**Task item**
For this task, extract exactly the lines of the data below, from the line containing "После этого при" through the last one, with pictures left out.

**The data**
········

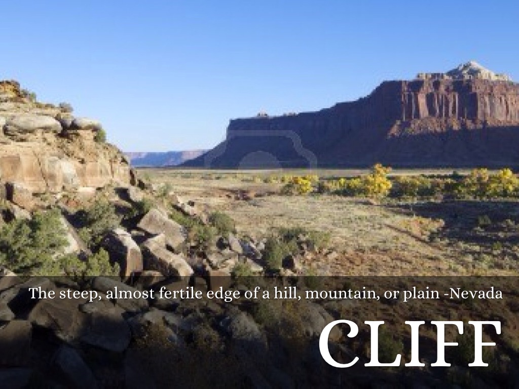 The steep, almost fertile edge of a hill, mountain, or plain -Nevada
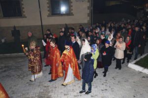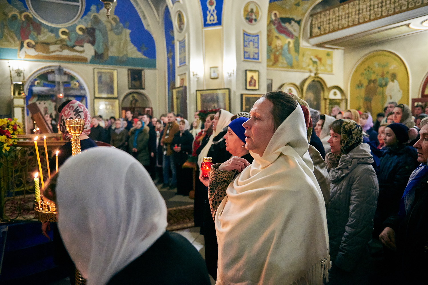 После этого при закрытых дверях в притворе кафедрального храма началась пасхальная утреня.
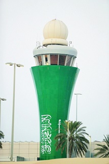 برج المراقبة في مطار أبوظبي الدولي يتزين بعلم المملكة العربية السعودية وذلك في إطار احتفالات دولة الإمارات بمناسبة اليوم الوطني السعودي الـ 87 الذي يصادف 23 سبتمبر الجاري .
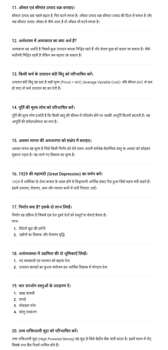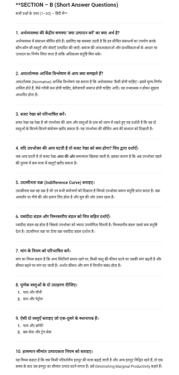 बिहार बोर्ड कक्षा 12वीं अर्थशास्त्र सेंटअप परीक्षा 2025 के ओरिजिनल Question Paper के 100% Correct Answer Key नीचे देख सकते हैं –

········

**Answer area**
 После этого при закрытых дверях в притворе кафедрального храма началась пасхальная утреня.
 برج المراقبة في مطار أبوظبي الدولي يتزين بعلم المملكة العربية السعودية وذلك في إطار احتفالات دولة الإمارات بمناسبة اليوم الوطني السعودي الـ 87 الذي يصادف 23 سبتمبر الجاري .
 बिहार बोर्ड कक्षा 12वीं अर्थशास्त्र सेंटअप परीक्षा 2025 के ओरिजिनल Question Paper के 100% Correct Answer Key नीचे देख सकते हैं –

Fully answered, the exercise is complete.